More information about reporting options and resources can be found on the Sexual Misconduct Website.

Class Materials Use

Considering the course syllabus, lectures, handouts, and problem sets as intellectual property, it is requested that students refrain from sharing course materials in any electronic or paper format without permission. Though sharing materials with others in class is acceptable, posting them online is unacceptable.

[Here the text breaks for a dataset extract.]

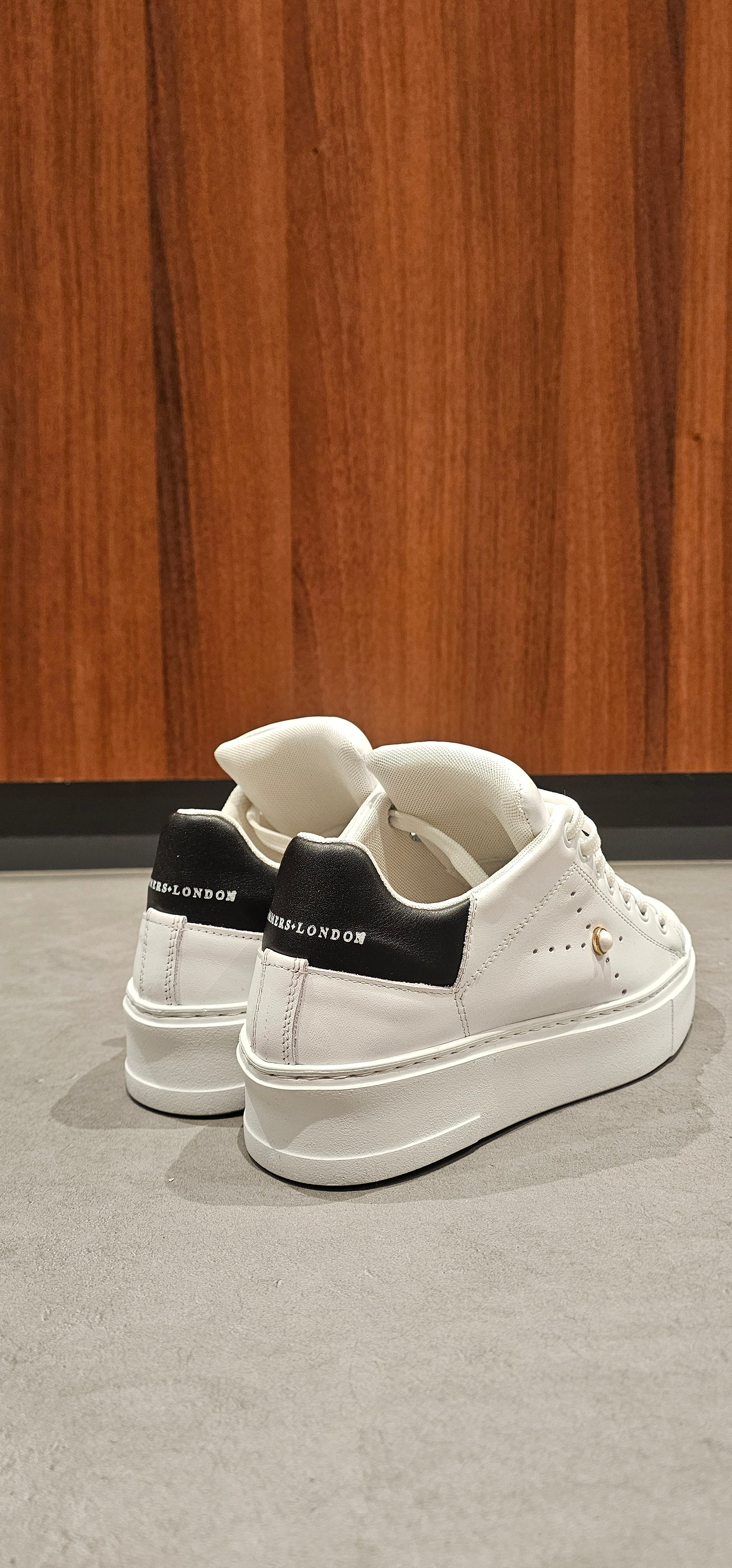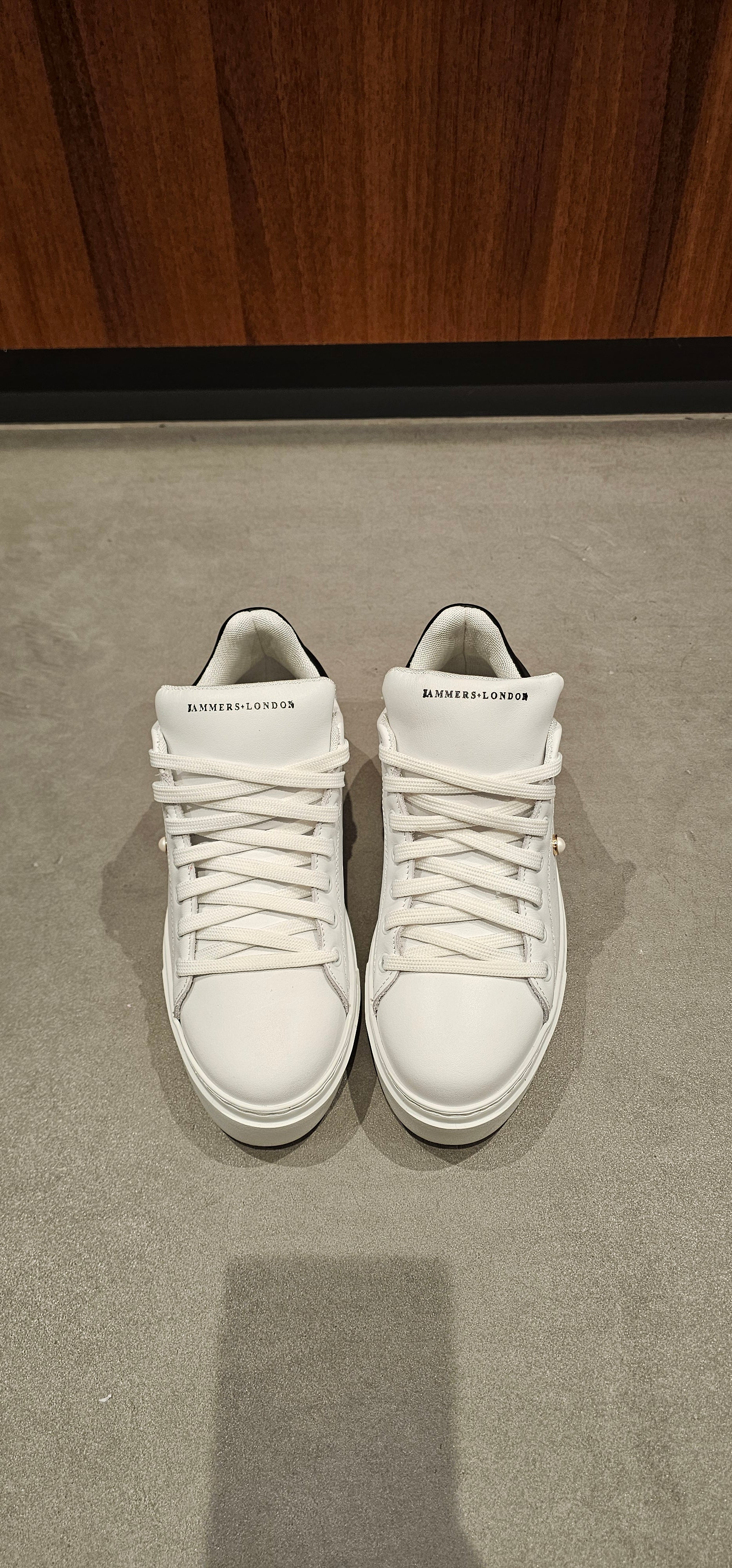 Sneakers in pelle bianco con riporto in pelle nero, a lato una perlina bianca, interni in spugna bianca, lacci ed occhielli bianchi, suola in gomma 4cm, leggerissima bianca, calzano regolari, punta tonda, stampa sulla linguetta e sul retro jammers london. Calzature artigianali, made in Italy.

If students have any questions, do not hesitate to reach out to the course instructor.

Weekly Assignment

Weekly readings will posted at least one week before each class session on the course website.
Week Topic Notes
January 18, 2023 1 Introduction of Data Science, Getting to Know R
January 25, 2023 2 Data Storage and Data Types
February 01, 2023 3 Data Wrangling (+ R Markdown)
February 08, 2023 4 Data Visualization Problem Set #1 Due
February 15, 2023 5 Data Collection Techniques – APIs and web scraping (+ strings) Problem Set #2 Due
February 22, 2023 6 Working with Geospatial Data (+ dates)
March 01, 2023 7 Statistical Learning (+ iteration and custom functions)
March 15, 2023 8 Working with Regression
March 22, 2023 9 Working with Classification Problem Set #3 Due
March 29, 2023 10 Interpretable Machine Learning Problem Set #4 Due
April 05, 2023 11 Text-as-Data
April 12, 2023 12 Missing Data/Working with Relational Databases
April 19, 2023 13 TBD (Class interest) Problem Set #5 Due
April 26, 2023 14 Final Presentations
May 10, 2023 FINAL PROJECT DUE

Any changes to the above schedule will be communicated to students during class sessions.